The Sultan River, formed by the convergence of the North Fork of the Sultan River and Elk Creek, enters the lake from the east. Additional major contributors are the South Fork, which forms an arm of the lake close to Stickney Ridge, and Williamson Creek, which enters from the north at the base of Big Four Mountain.

==Water supply and power==
Spada Lake is part of the water supply of the City of Everett, Washington, serving 80 percent of Snohomish County and the Henry M. Jackson Hydroelectric Project. This water supply consists of two lakes, the other being the much smaller, 17000 acre feet Lake Chaplain on Chaplain Creek, a tributary of the Sultan River.
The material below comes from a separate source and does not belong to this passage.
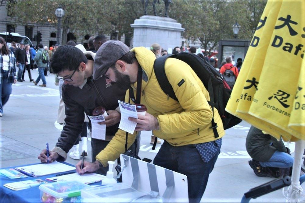 Falun Dafa praktikanti nastavili su aktivnosti za podizanje svijesti na slikovitim mjestima, nakon što su ograničenja zbog pandemije ukinuta u srpnju. Održavali su aktivnosti u kineskoj četvrti, ispred Britanskog muzeja i na Trgu sv. Martina svake subote poslijepodne. Ljudi su prihvaćali letke i potpisivali peticiju za osudu progona kojeg provodi Komunistička partija Kine (KPK).

Most of the flow of the Sultan River is diverted at the dam into a 8 mi penstock that flows to the 111.8 megawatt (MW) Jackson powerhouse further downstream, with an elevation drop of 1165 ft. At the powerhouse, the water feeds four turbine/generator units, consisting of two 47.5 MW Pelton-type turbines, and two 8.4 MW Francis turbines. The water from the Pelton turbines is released directly into the Sultan River, while the rest of the water is piped to Lake Chaplain.

From Lake Chaplain, the water flows in four 4 ft diameter pipes towards Everett. During flood events, water is also discharged back into the Sultan River through Chaplain Creek and the Sultan River Fresh-water Return Line. The Culmback Dam is able to discharge water through an inverted-bell spillway that has a capacity of 62000 ft3 per second, which is sufficient to handle the 100-year flood flow of the Sultan River, which is calculated at 47000 ft3 per second.

Beginning operations in 1984, the Jackson project aims to bring clean and renewable hydropower to Snohomish County. The facility consists of a single powerhouse, a switch-yard, and transmission lines—all of which are directly connected to the county's local 115 kV power-transmission network.

| Generator | Nameplate Capacity (MW) |
|---|---|
| 1 | 47.5 |
| 2 | 47.5 |
| 3 | 8.4 |
| 4 | 8.4 |
| Total | 111.8 |

==Recreation==

The area around the dam and Spada Lake is visited by 5,000 people annually for a variety of recreational activities, including boating, hiking, fishing, and kayaking. The lake has two boat launches and prohibits combustion engines.